Depending on the outcome, the Dobbs case could have a monumental impact on public policy and the body politic for many years to come. If a majority on the Court votes to overturn Roe and Casey and return the abortion issue to where it belongs – in the hands of state legislatures and voters – conservatives will cheer the outcome and work their tails off to protect the victory in the 2022 elections by putting Republicans in charge of Congress and state legislatures. Abortion will become a dominant issue in campaigns across the country. Liberals will be apoplectic and do everything in their power to secure enhanced political power for themselves and their Democrat allies during those same elections.

However, if a majority of the Court leaves a federal constitutional right to abortion intact, I believe something very different will be the result, a result that will threaten the continued viability of the Republican party.  Liberals will temporarily celebrate the ruling but soon will return to attacking Republicans and “Republican judges” as wanting to make abortion illegal. Their tune never changes. 

Many conservatives, however, will likely have had enough. Enough of supporting Republican candidates who, once elected, do close to nothing to actually fight for conservative policies and principles. And enough of fighting to confirm federal court justices appointed by Republican presidents who end up caving when it matters most. Millions will be forced to confront the question, “what is the point?”

I hope that national Republican leaders from Sen. Mitch McConnell and Rep. Kevin McCarthy on down realize what is at stake for their party. Right now, there is little indication that they do. They should be pointing to Dobbs as an opportunity for the Court to correct a historic injustice that has sacrificed the lives of millions of innocents. Instead, they are silent, ceding the public square to Nancy Pelosi and Planned Parenthood who are busy trying to shape a national narrative in this vacuum of GOP leadership.

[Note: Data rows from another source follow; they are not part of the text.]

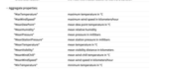 "MaxTemperature" maximum temperature in °C "MaxWindSpeed" maximum wind speed in kilometers/hour "MeanDewPoint" mean dew point temperature in °C "MeanHumidity" mean relative humidity "MeanPressure" mean pressure in millibars "MeanStationPressure" mean station pressure in millibars "MeanTemperature" mean temperature in °C "MeanVisibility" mean visibility distance in kilometers "MeanWindChill" mean wind chill temperature in °C "MeanWindSpeed" mean wind speed in kilometers/hour "MinTemperature" minimum temperature in °C "TotalPrecipitation" precipitation amount in cm "WindGusts" wind gust speed in kilometers/hour - Weather station properties:
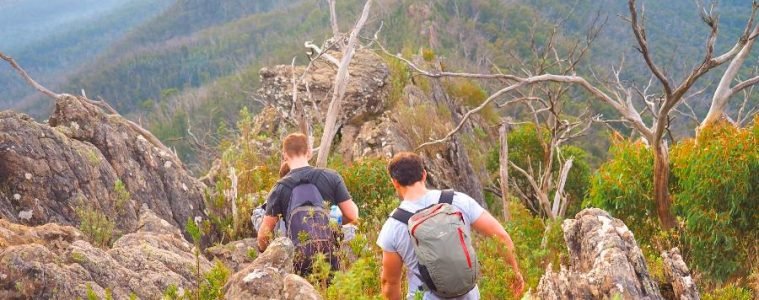 This is where the fun begins. From Sugarloaf Saddle we’re heading up to the highest point in the range, Sugarloaf Peak (903 m). Here you’ll get stunning 360 degree views of the Cathedral Range and beyond, before continuing along the Razorback Track.
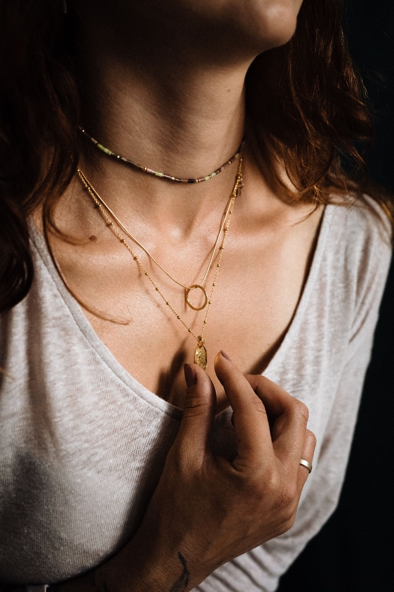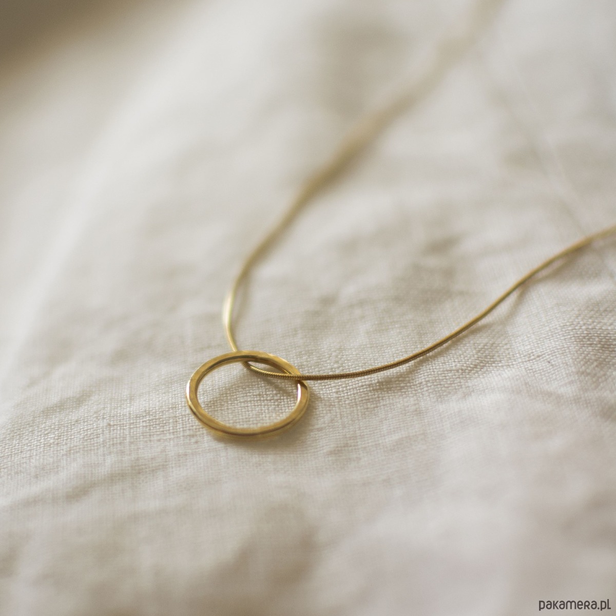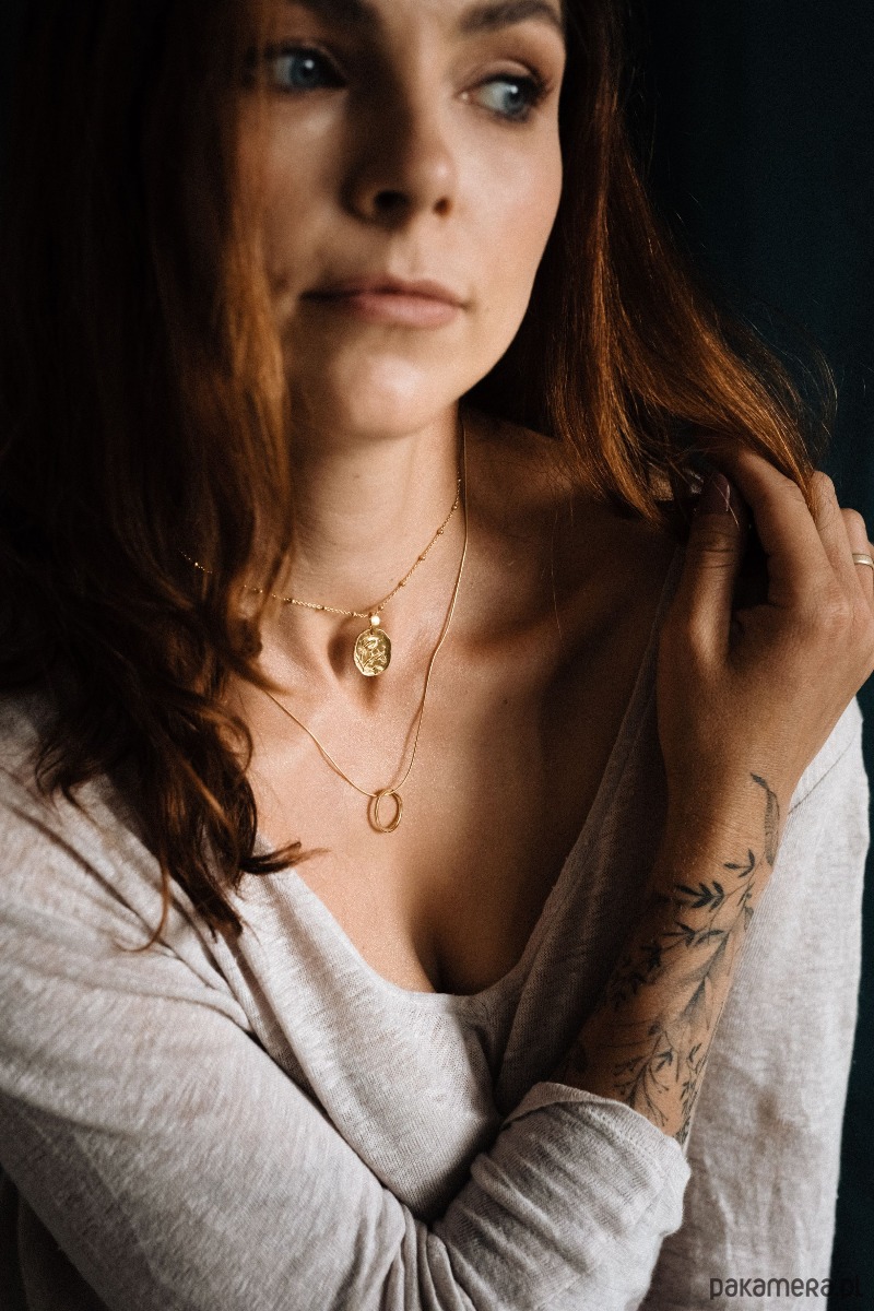 Naszyjnik ZŁOTE KOŁO - koło jest ręcznie młotkowane, co nadaje mu surowej, nieregularnej faktury. Zawieszone jest na aksamitnym łańcuszku typu “wężyk”. Kółko ma średnicę 16 mm. Łańcuszek ma długość 42 cm a przedłużka, to dodatkowe 3,5 cm.
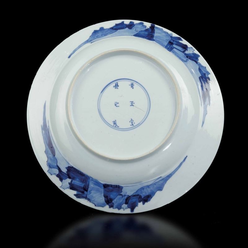Piatto in porcellana bianca e blu con scena di concerto e decori floreali entro riserve, Cina, Dinastia Qing, epoca Kangxi [..]
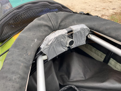 泰志くんのテントもポールを支える床が突き抜けてしまっていた。

Let us hope and pray that the Court’s conservatives do what the Constitution requires and what moral clarity demands – end the illegitimate, unconscionable abortion regime imposed on the country nearly fifty years ago in Roe v Wade and later refashioned and reaffirmed in Casey. Nay, conservatives must do more than hope and pray. We must demand that the justices hold firm to the Constitution; we must support those courageous pro-life backers and nonprofit groups who are on the field of battle as the Dobbs case proceeds; we must insist that Republican leaders speak out forcefully and clearly for overturning Roe and Casey, and we must remember, always, the sixty million innocent souls who are watching from above to see if we – and the conservative justices of the Supreme Court – have the courage of our convictions.

Dobbs will be a case like no other.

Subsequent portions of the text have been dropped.